Experience using the FPGA board DE10-Standard and DMA PL330



    I got a Terasic DE10-Standard board at my disposal. It has a lot of interesting things: a built-in JTAG programmer, LEDs, switches, buttons, Audio / VGA / USB / Ethernet connectors. I think that there is no particular need to list all its features, because everyone can read the specification of the board on the manufacturer’s website .

    It is important for me that the FPGA chip Cyclone V SX - 5CSXFC6D6F31C6N is on the board. This chip contains two ARM Cortex-A9 processors and 110K FPGA logic elements. This is a real SoC HPS: System-On-Chip, Hard Processor System. With such resources, you can try to do fairly complex projects. Next, I’ll talk about my experience using the board.

    It is very simple to download a Linux image from the terasika website and prepare a bootable SD card for the DE10-Standard board. Linux OS boots from SD, the board comes to life and demonstrates its capabilities.



    Once Linux has booted, you can find the icon of the test application on the desktop. This test GUI application allows you to turn individual board LEDs on and off, watch the status of switches and buttons, set values ​​on 7-segment indicators, and so on. There are many interesting things. When I played around with this program, you think that now you can quickly make your own project and launch it quickly.

    I do not consider myself a FPGA novice developer. I did projects with software processorsand imagine what a Linux kernel is. I myself am involved in the development of development boards with Altera / Intel FPGAs . However, to be honest, this is my first experience with the HPS-FPGA SoC. When I started to make my own project for this board, specifically for this FPGA, I realized that it would not really be easy.



    Of course, the DE10-Standard is not in itself to blame. There is some illusion of ease of development: here is the image of the SD card from terasik, there are source codes for an example project for FPGAs and source codes for test programs. It would seem, take it to fit your needs and everything will work. But no.

    You need to understand that the first impression of ease of development is that it is deceptive. As you can see at a glance - this is just the tip of the iceberg.

    I had to read and study a lot, for example:

    1. The DE10-Standard_v.1.2.0_SystemCD disk is attached to the board and it contains 38 PDF files of various documentation, diagrams and manuals.

    2. Intel’s “ Cyclone V Hard Processor System Technical Reference Manual ” is simply a technical description of 3,536 pages.

    Of course, it’s not necessary to read them all at once, I thought I won’t read them at all, I will manage my knowledge and experience, but still I had to read and understand.

    There is still a good resourcewhich contains even more documentation, source code examples and even a forum. This makes life easier on the one hand, and even more difficult on the other hand, because you have to read and absorb even more information ... Unfortunately, even on the rocketboard forum, it is not always possible to find answers to your questions.

    Thus, the development of the project is quite complicated, because the subject matter of the SoC HPS is complex.



    Imagine a clockwork with many gears. Each gear should exactly fit the next - otherwise nothing will spin. The same is true for the HPS-FPGA system. The system consists of so many software and hardware components: Preloader, U-BOOT, Linux kernel and drivers, a DTB file is generated from a DTS file, then you still need to create RootFS and, of course, develop the hardware system in your FPGA: FPGA SoC project will contain several IP blocks, hardware registers mapped to memory, clock frequencies and domains, I / O signals and so on and so forth ...

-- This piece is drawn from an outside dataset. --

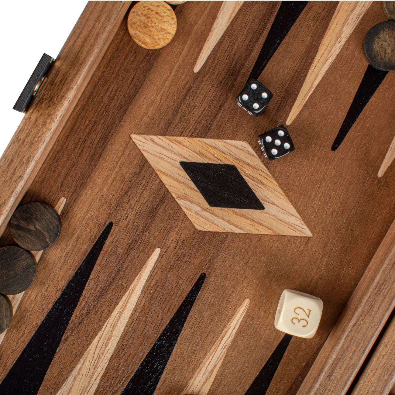 Joc de table/backgammon prelucrat manual cu furnir din lemn de nuc si puncte de furnir din stejar si de culoare negru. Acest set de table este o combinație de șah și joc de table astfel încât posesorul ei poate juca ambele jocuri. Tabla de şah este, de asemenea combinație nuc si stejar intarsiat.

    I assume that I know how to create a project for FPGA for my SoC, and I think that it should work well somewhere around 80% since I do not see obvious errors in the project. I also think that I roughly know how to write a DTS file that describes my hardware platform. Suppose I am sure that I wrote the DTS file correctly 80%. A DTB file is generated from a DTS file. Then, to my FPGA hardware I have to write a kernel driver. It is not easy, but I can write drivers. I hope I didn’t make many mistakes there? I hope my driver is at least 80% correct. But what about Preloader? Preloader is the first program to be read and launched from the SD card and it must program the necessary hardware configuration registers of the system on a chip. Did I Preloader Right? Well, let's say I'm 80% sure. Now if you think about it, then what is the likelihood that my system will work? I think somewhere like this: 0.8 * 0.8 * 0.8 * 0.8 = 0.4096 ... The more components in the system, the worse. If something does not work or nothing works at all (for example, kernel panic), then it is rather difficult to understand where the problem is - it can be everywhere.

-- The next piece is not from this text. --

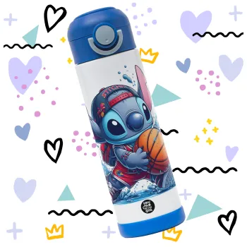 Stitch Basketball, Παιδικό παγούρι θερμό, ανοξείδωτο, με καλαμάκι ασφαλείας, ΜΠΛΕ (500ml)

    The purpose of my work was to make a HPS-FPGA project that uses DMA transactions to transfer data from system memory to FPGAs and back from FPGAs to system memory. Using DMA should offload the processor. There was already an article on the hub about the implementation of DMA in Cyclone V FPGAs , however, I did not want to go by creating my own controller, as Des333 did ... I wanted to use the PL330 controller already in the system.

    Working with the DE10-Standard Board for some time I gained invaluable experience. If you will, I want to give some advice to those who decide to start developing SoC HPS in FPGAs.

    Prepare the board for development


    This is probably advice from the category of obvious. There is an SD card image that contains the necessary files to start the system: FPGA image, DTB file, U-BOOT and Linux kernel zImage. Additional sections contain Preloader and RootFS. If I am developing a SoC HPS project for FPGAs, I compile it in the Quartus Prime CAD environment and the result (RBF, Raw Binary File) should be written to the SD card. Then I compile the Linux kernel and my driver as part of the kernel. I also need to write the resulting files to the SD Card.

    It makes no sense to remove the SD card from the board, insert it into the card reader of a computer or laptop to write files to the card. This may take too long. In addition, frequent plug / unplug can damage the SD card slot in the board or laptop. I recommend configuring U-BOOT so that the necessary files are downloaded from the network from the TFTP server.

    The board has a UART-to-USB connector for connecting it via a USB cable to the developer's computer. I open the terminal program, for example, PUTTY, and turn on the board. You can see right away how messages from U-BOOT ran in the terminal. You can interrupt the download by immediately pressing any key in the terminal.

    I have added several variables to the U-BOOT environment:

    ethaddr=fe:cd:12:34:56:67
    ipaddr=10.8.0.97
    serverip=10.8.0.36
    xfpga=tftpboot 100 socfpga.rbf; fpga load0100 $filesize; run bridge_enable_handoff;    								tftpboot 100 socfpga.dtb
    xload=run xfpga; tftpboot 8000 zImage; bootz 8000 – 100

    On the IP 10.8.0.36 development computer, I installed the TFTP server. In the / tftpboot folder, I store socfpga.rbf (Raw Binary File), the result of compiling the SoC FPGA project in Quartus Prime. In addition, in the same folder I store socfpga.dtb - the corresponding Device Tree Blob and Linux kernel zImage file.

    Now, when I turn on the power on the board, I immediately interrupt the normal download by pressing any key in the terminal and enter the command:
    >run xload

    With this command, U-BOOT downloads the necessary files from the TFTP server, initializes the FPGA in the last compiled image of the project and loads my last zImage. Quick and easy. When I make a change in the FPGA project, I compile the project with a quartus, copy the result to the / tftpboot folder. In the same way, I compile the Linux kernel, I copy the result of the compilation to the / ftfpboot folder . I reboot the board, do “run xload” and now you can try to debug the new system.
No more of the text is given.